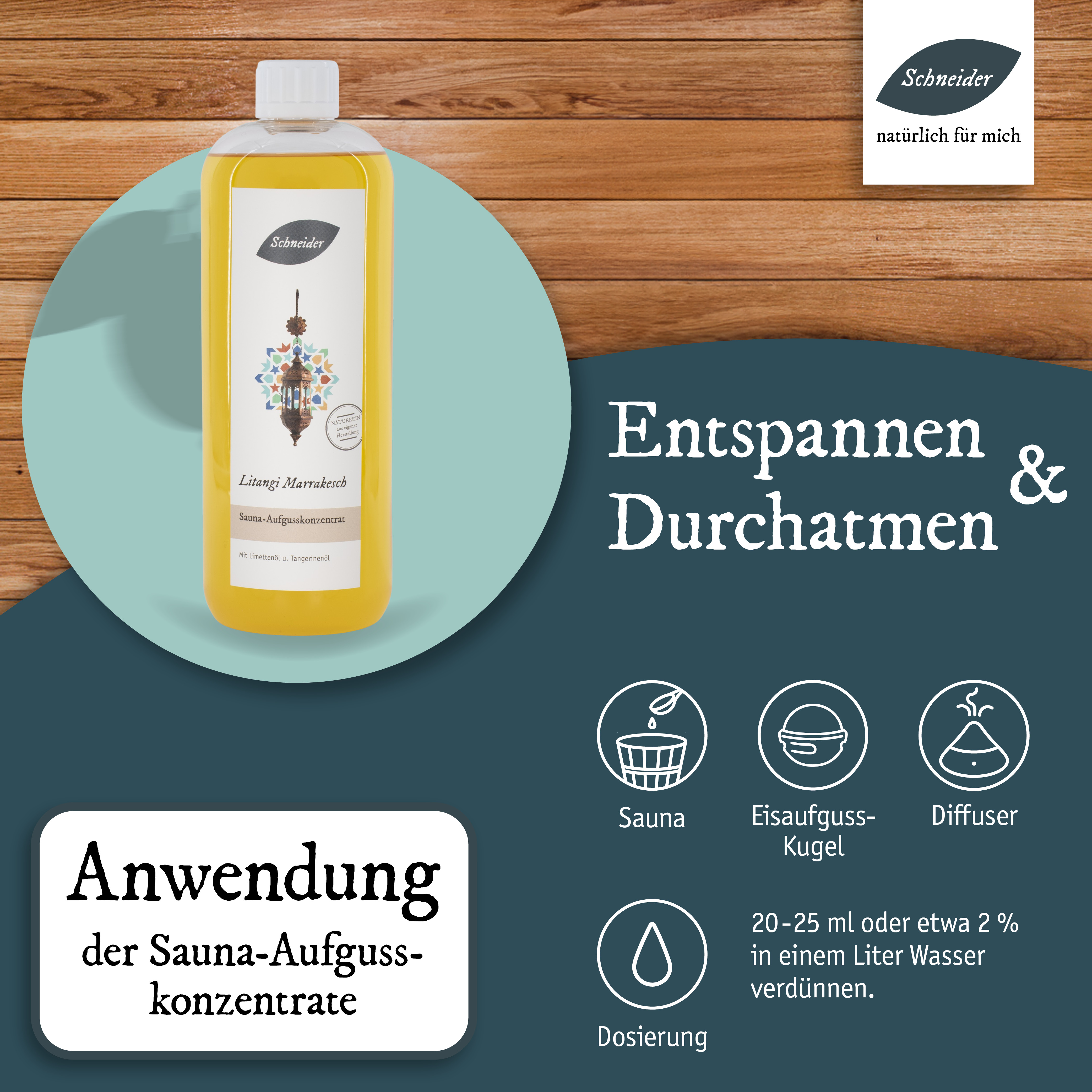 Anwendung: Die Dosierung der Aufgüsse kann abhängig sein von der Größe der Sauna, der Leistung der Heizelemente, den Vorlieben der Anwender und der Intensität der einzelnen Inhaltsstoffe (wie ätherischen Ölen, Ölgemischen oder Duftölen). Als Richtwert empfehlen wir ein bis zwei Esslöffel voll Aufgusskonzentrat oder 20 bis 25 ml Aufgusskonzentrat pro Liter Aufgusswasser. Je nach Belieben können Sie die Dosierung anpassen. Saunaaufgusskonzentrate sind sparsam zu verwenden und sollten nie pur auf die Aufgusssteine oder Heizelemente gegeben werden.
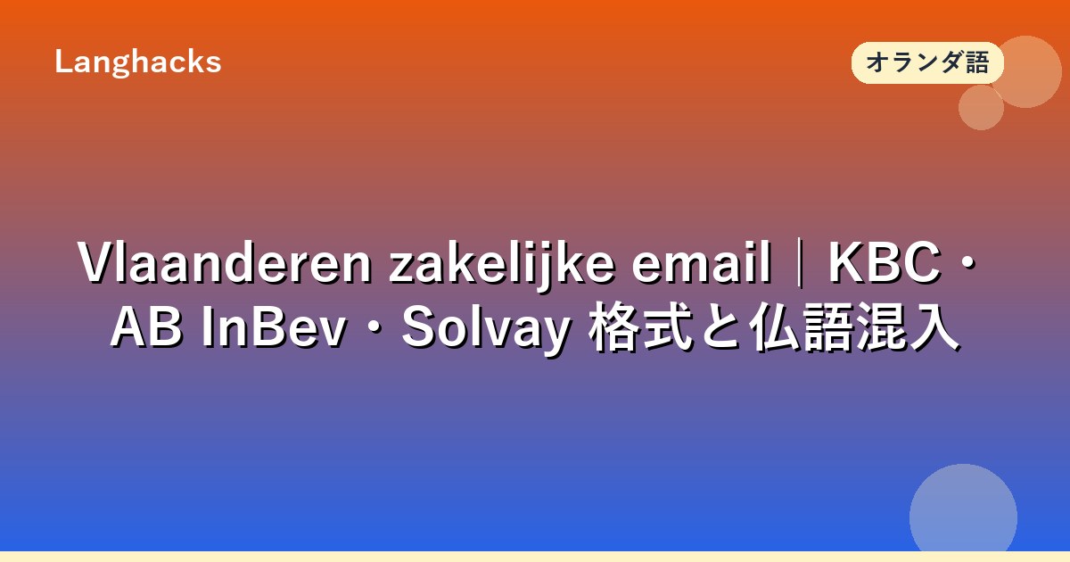 本記事は KBC・AB InBev・Solvay 等のベルギー Vlaanderen 企業対応 zakelijke email を完全解説します。
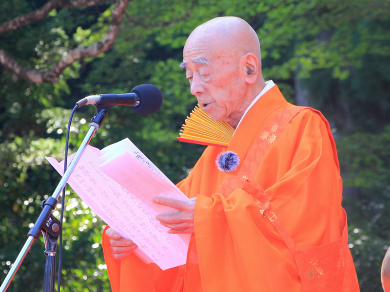 ▲藤光賢天台座主猊下による主催者代表挨拶 また、藤座主猊下が主催者を代表し「私たちはあらゆる兵器や暴力のない、慈愛に満ちた社会の実現に邁進いたします」と述べられた。 その後、日谷照應全日本仏教会理事長が、世界仏教徒連盟(WFB)パロップ・タイアリー会長からのメッセージを、モリーナ大使がローマ教皇庁諸宗教対話省ジョージ・ジェイコブ・クーバカド長官からのメッセージをそれぞれ代読した。 最後に獅子王圓明延暦寺執行より閉式の挨拶があり、比叡山宗教サミット38周年「世界平和祈りの集い」は閉会となった。 |
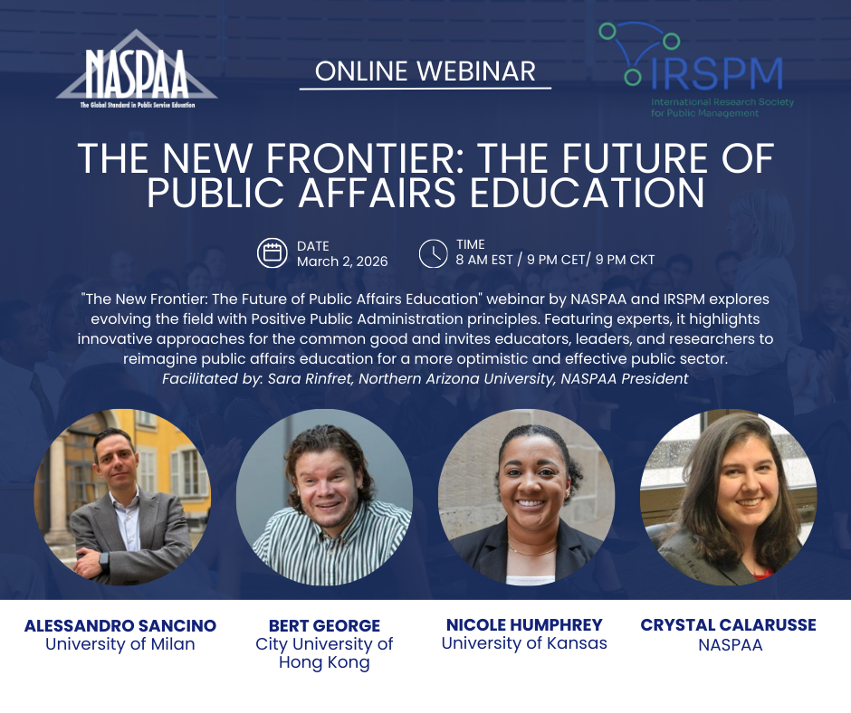 The New Frontier: The Future of Public Affairs Education webinar, hosted by NASPAA and IRSPM, explores how the field can evolve through the principles of Positive Public Administration. Featuring leading experts, the session highlights innovative approaches that emphasize the common good. This global conversation invites educators, public service leaders, partners, and researchers to reimagine public affairs education for a more optimistic, resilient, and effective public sector.
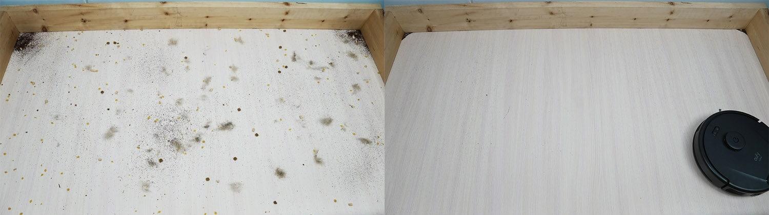 Laminuotų grindų valymo rezultatai buvo geri – pašalintos beveik visos šiukšlės, išskyrus nedidelius likučius kampuose, kuriuos sunku pasiekti apvaliems robotams. Centrinis šepetys surinko šiek tiek naminių gyvūnėlių plaukų ir kailio, ko ir buvo galima tikėtis.
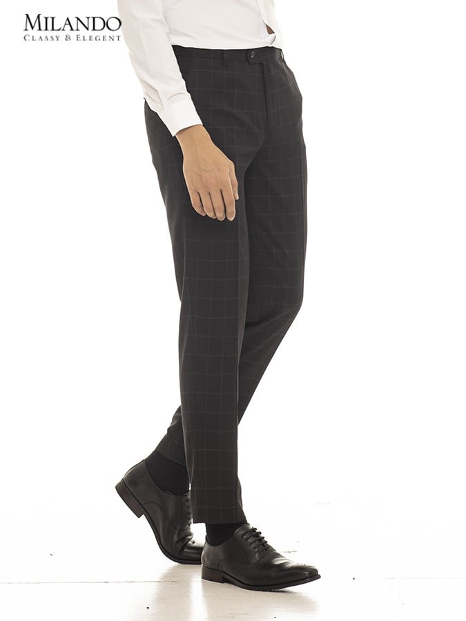 - Quần âu nam dễ kết hợp với đồ khác kèm theo họa tiết kẻ thời trang hiện đại.
━━━━━━━━
The problem:
What you write must match, line for line, the records from the line containing "Laminuotų grindų valymo" through the last line, with every picture left out.

Answer below:
 Laminuotų grindų valymo rezultatai buvo geri – pašalintos beveik visos šiukšlės, išskyrus nedidelius likučius kampuose, kuriuos sunku pasiekti apvaliems robotams. Centrinis šepetys surinko šiek tiek naminių gyvūnėlių plaukų ir kailio, ko ir buvo galima tikėtis.
 - Quần âu nam dễ kết hợp với đồ khác kèm theo họa tiết kẻ thời trang hiện đại.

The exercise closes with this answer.